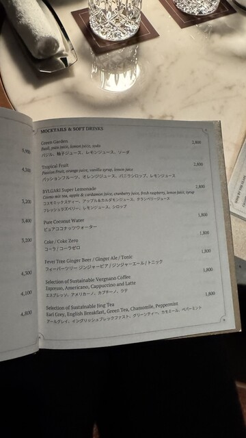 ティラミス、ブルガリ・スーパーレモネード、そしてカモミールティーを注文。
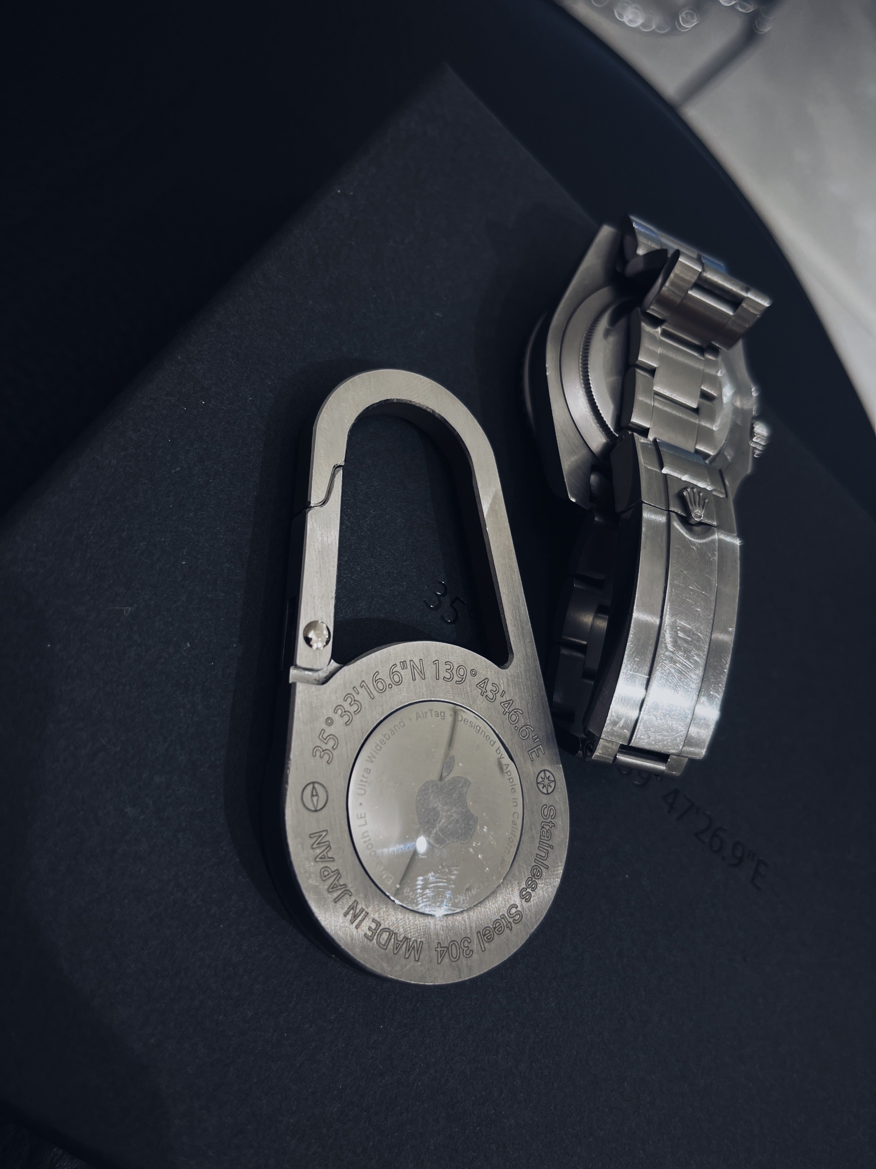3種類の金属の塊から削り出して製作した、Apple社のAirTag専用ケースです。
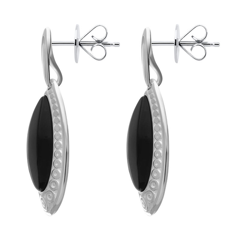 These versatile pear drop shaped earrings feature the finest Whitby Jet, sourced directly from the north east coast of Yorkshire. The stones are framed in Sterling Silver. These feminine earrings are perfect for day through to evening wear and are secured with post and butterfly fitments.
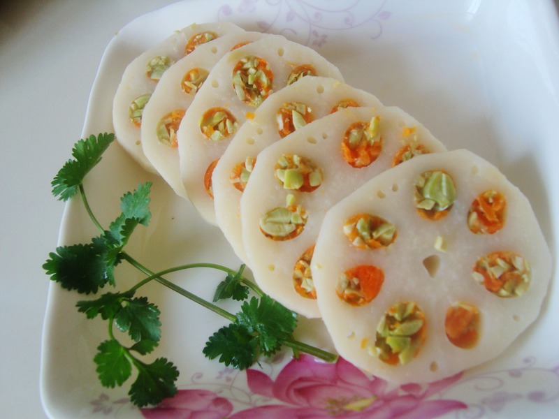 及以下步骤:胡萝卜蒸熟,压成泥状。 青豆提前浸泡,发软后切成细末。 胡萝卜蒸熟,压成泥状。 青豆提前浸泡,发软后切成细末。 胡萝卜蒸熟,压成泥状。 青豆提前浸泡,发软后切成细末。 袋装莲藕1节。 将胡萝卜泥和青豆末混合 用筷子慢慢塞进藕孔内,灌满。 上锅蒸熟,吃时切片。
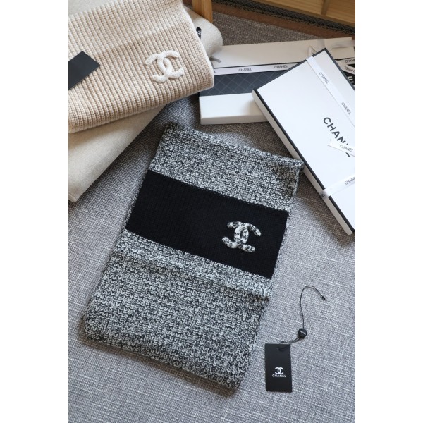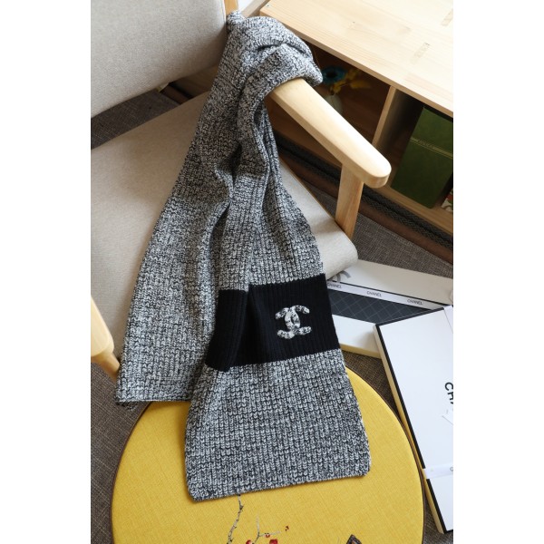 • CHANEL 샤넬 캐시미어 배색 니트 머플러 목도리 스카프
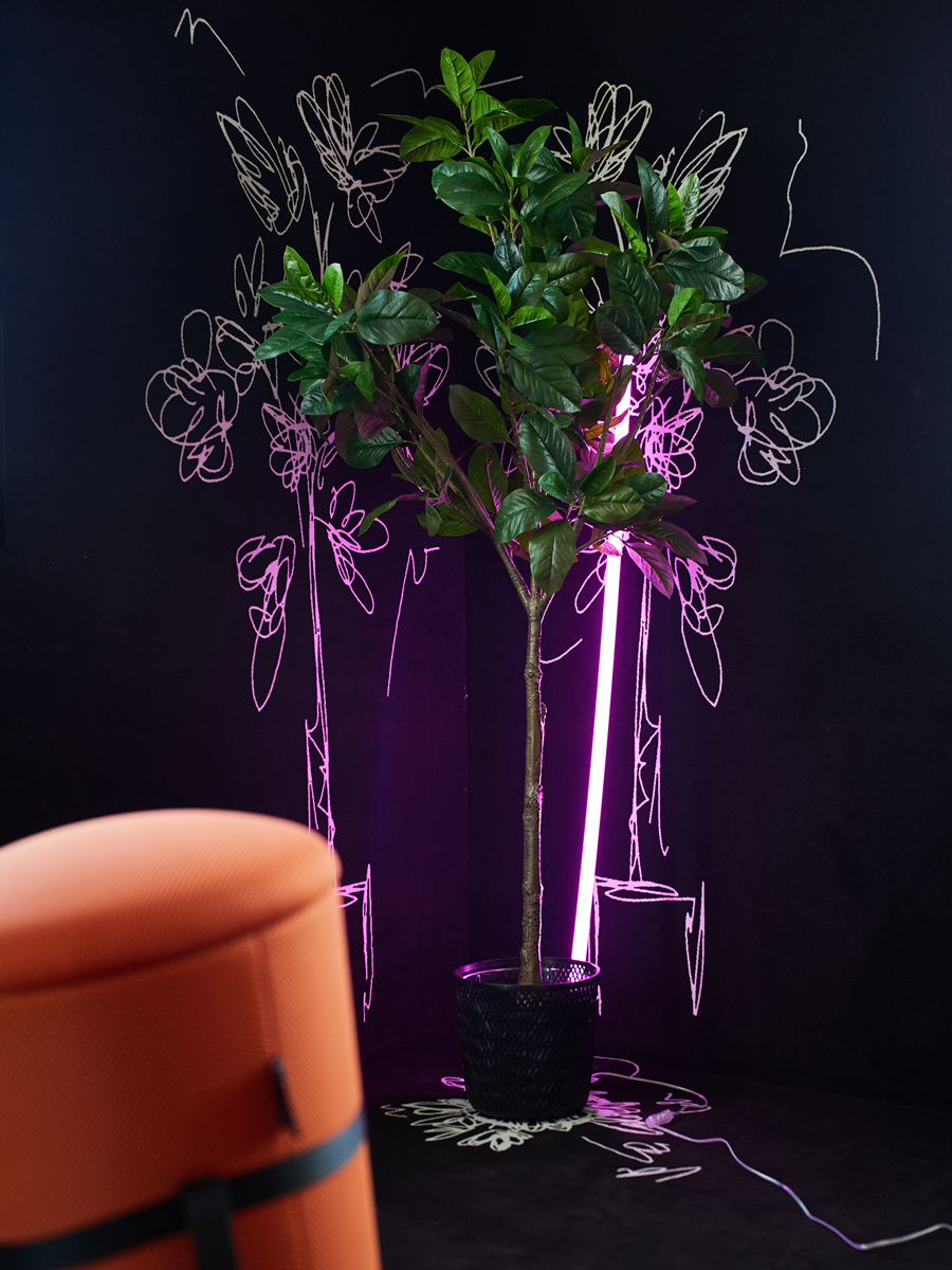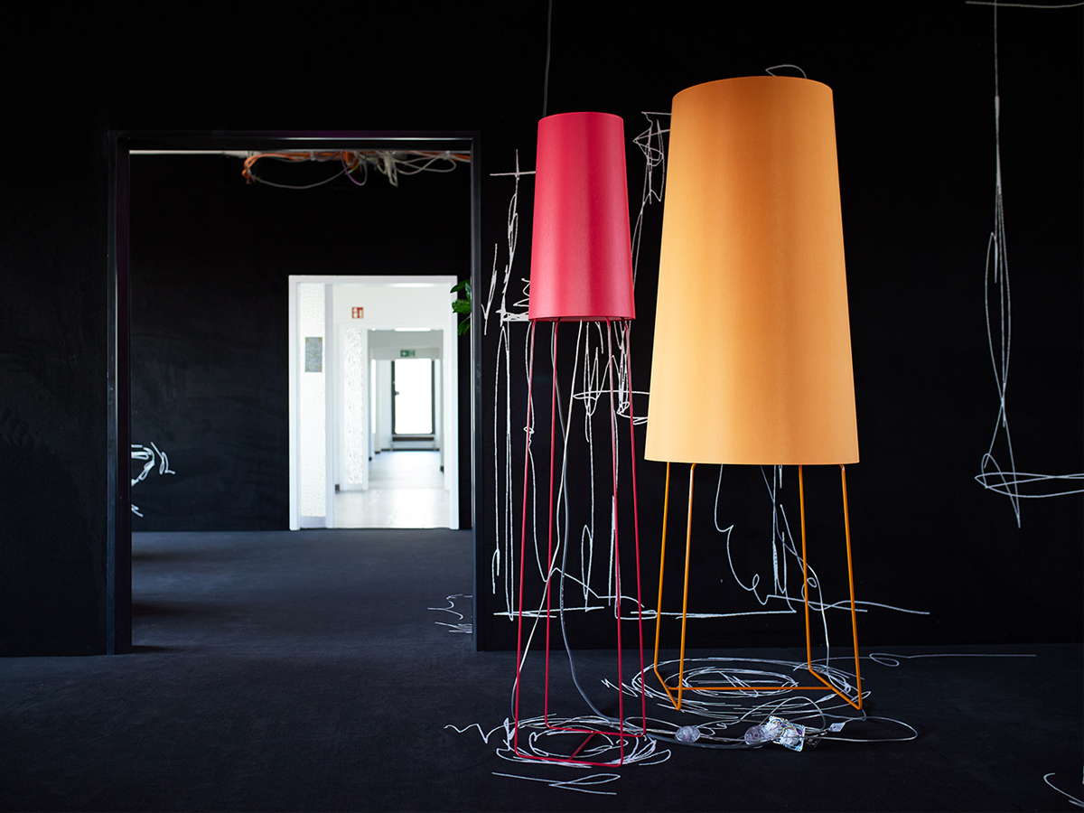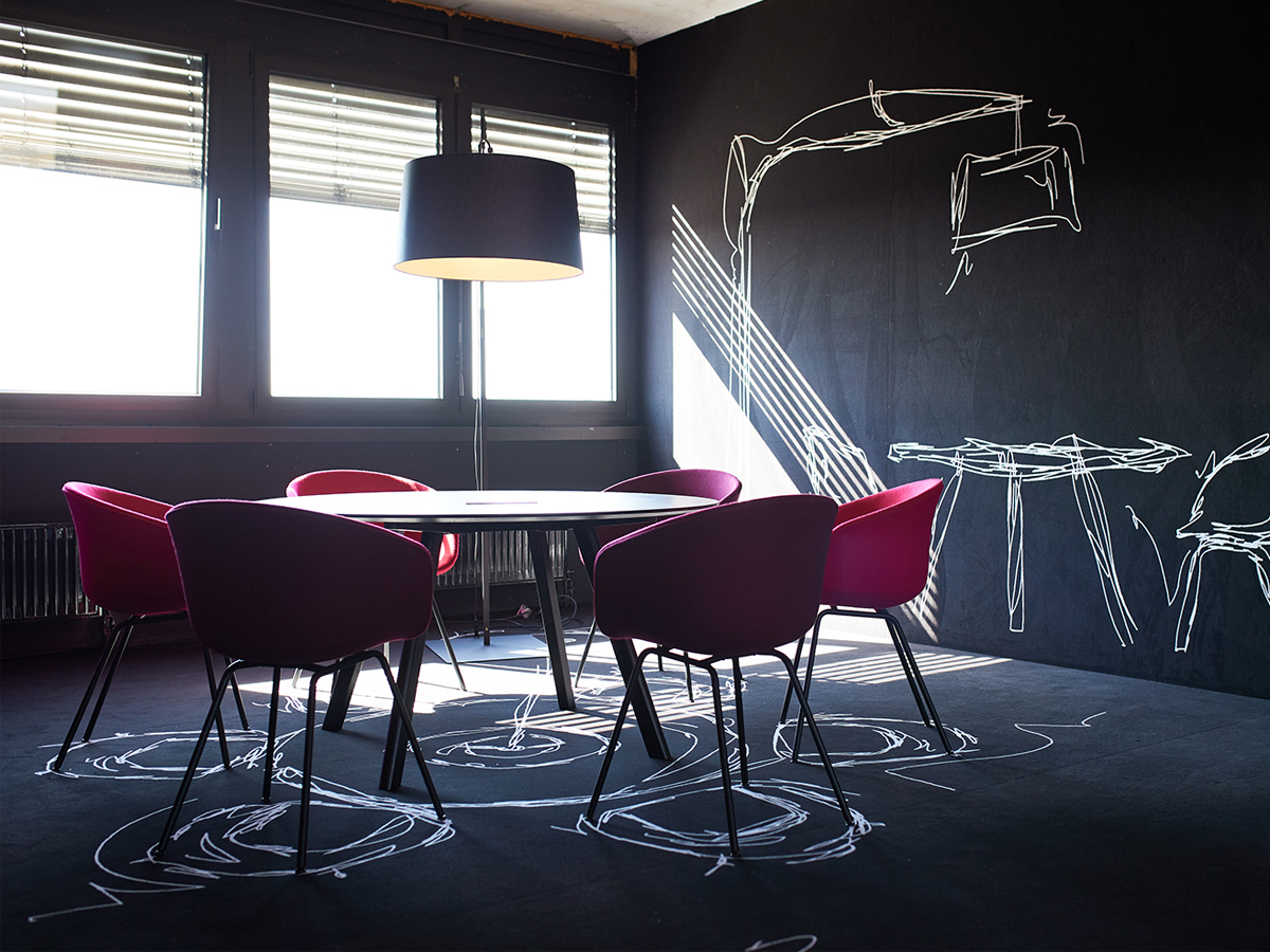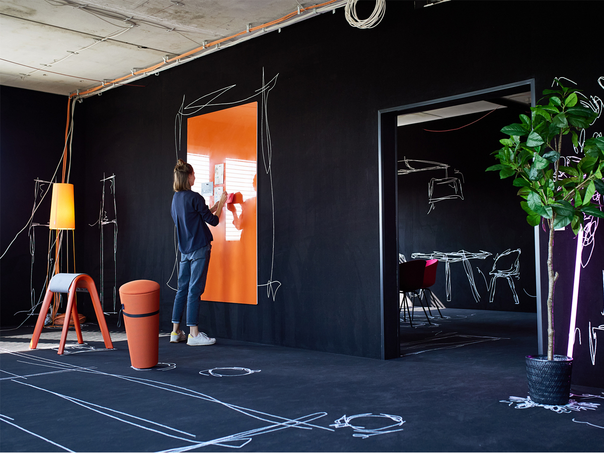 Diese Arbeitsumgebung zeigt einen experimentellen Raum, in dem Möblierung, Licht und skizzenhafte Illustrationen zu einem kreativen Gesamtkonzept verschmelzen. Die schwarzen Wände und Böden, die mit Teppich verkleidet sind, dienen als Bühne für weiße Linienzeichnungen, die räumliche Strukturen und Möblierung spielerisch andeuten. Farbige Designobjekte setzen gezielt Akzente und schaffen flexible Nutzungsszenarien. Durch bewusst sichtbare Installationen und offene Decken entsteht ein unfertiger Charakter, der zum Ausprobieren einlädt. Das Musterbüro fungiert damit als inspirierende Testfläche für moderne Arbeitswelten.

▶ _TASK REQUIREMENTS_
When you transcribe the lines above, keep every word exact but leave the pictures behind.

▶ _EXPECTED ANSWER_
 ティラミス、ブルガリ・スーパーレモネード、そしてカモミールティーを注文。
3種類の金属の塊から削り出して製作した、Apple社のAirTag専用ケースです。
 These versatile pear drop shaped earrings feature the finest Whitby Jet, sourced directly from the north east coast of Yorkshire. The stones are framed in Sterling Silver. These feminine earrings are perfect for day through to evening wear and are secured with post and butterfly fitments.
 及以下步骤:胡萝卜蒸熟,压成泥状。 青豆提前浸泡,发软后切成细末。 胡萝卜蒸熟,压成泥状。 青豆提前浸泡,发软后切成细末。 胡萝卜蒸熟,压成泥状。 青豆提前浸泡,发软后切成细末。 袋装莲藕1节。 将胡萝卜泥和青豆末混合 用筷子慢慢塞进藕孔内,灌满。 上锅蒸熟,吃时切片。
 • CHANEL 샤넬 캐시미어 배색 니트 머플러 목도리 스카프
 Diese Arbeitsumgebung zeigt einen experimentellen Raum, in dem Möblierung, Licht und skizzenhafte Illustrationen zu einem kreativen Gesamtkonzept verschmelzen. Die schwarzen Wände und Böden, die mit Teppich verkleidet sind, dienen als Bühne für weiße Linienzeichnungen, die räumliche Strukturen und Möblierung spielerisch andeuten. Farbige Designobjekte setzen gezielt Akzente und schaffen flexible Nutzungsszenarien. Durch bewusst sichtbare Installationen und offene Decken entsteht ein unfertiger Charakter, der zum Ausprobieren einlädt. Das Musterbüro fungiert damit als inspirierende Testfläche für moderne Arbeitswelten.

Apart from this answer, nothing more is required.